* _Source records_:
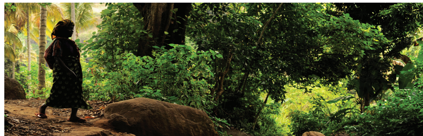
Une femme traverse un des nombreux cours d'eau relié à un canal d'irrigation utilisé pour une agriculture intelligente face aux changements climatiques en Tanzanie.

Organisation des Nations Unies pour l'alimentation et l'agriculture
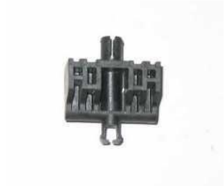
1222.1, PERNO MUÑON PARA HORQUILLA 1222, NEOTEK
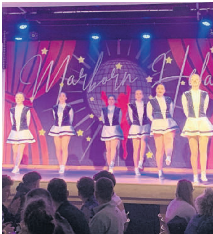
Die „Blue Diamonds“ vom Karnevalsverein Kikiriki Freiensteinau.

Die fünfstündige Abendveranstaltung mit über 20 Darbietungen war kaum zu toppen. Tanzmariechen, Männerballett und Garder- und Schautanz waren eine Werbung für den karnevalistischen Tanzsport. Inmitten von Alltag, Pflichten und Stress wird oft vergessen, was wirklich zu leben heißt. Der Tanz erinnert daran loszulassen, den Moment zu spüren. Wer die ausgelassene Stimmung in Marborn erlebt hat, kann nur zustimmen. CS
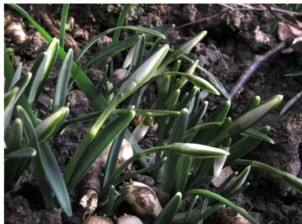
Abb. 6: Galanthus nivalis, austreibende Blätter und Blüten (Bochum, 03.02.2012,).
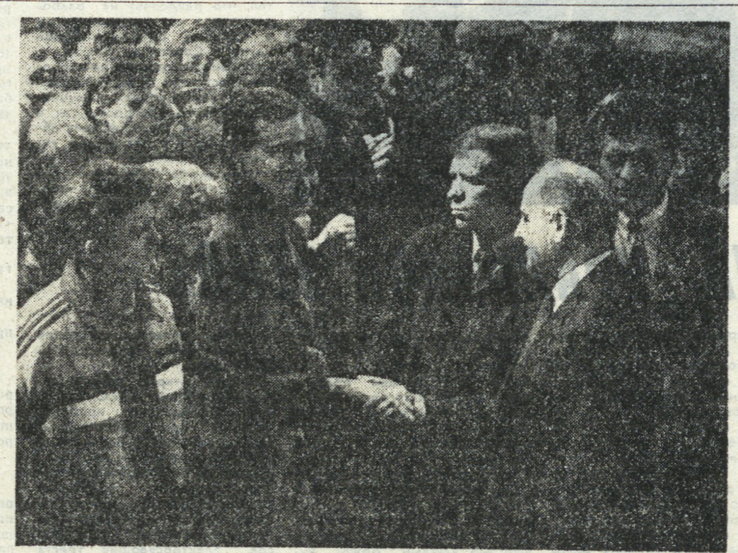
Во время поездки по Свердловской области и Президентом СССР М. С. Горбачевым о социально-экономических проблемах страны. НА СНИМКЕ: одна из таких встреч.

М. С. Горбачев ответил и на многие другие вопросы представителей из разных областей. Встреча продолжалась несколько часов. (ТАСС).

* _Task to carry out_:
Above are entries with pictures among them. Write out exactly the lines from the one containing "Karnevalsverein Kikiriki Freiensteinau." through the one containing "Abb. 6: Galanthus", ends included, and leave those pictures out.

* _Task result_:
Die „Blue Diamonds“ vom Karnevalsverein Kikiriki Freiensteinau.

Die fünfstündige Abendveranstaltung mit über 20 Darbietungen war kaum zu toppen. Tanzmariechen, Männerballett und Garder- und Schautanz waren eine Werbung für den karnevalistischen Tanzsport. Inmitten von Alltag, Pflichten und Stress wird oft vergessen, was wirklich zu leben heißt. Der Tanz erinnert daran loszulassen, den Moment zu spüren. Wer die ausgelassene Stimmung in Marborn erlebt hat, kann nur zustimmen. CS
Abb. 6: Galanthus nivalis, austreibende Blätter und Blüten (Bochum, 03.02.2012,).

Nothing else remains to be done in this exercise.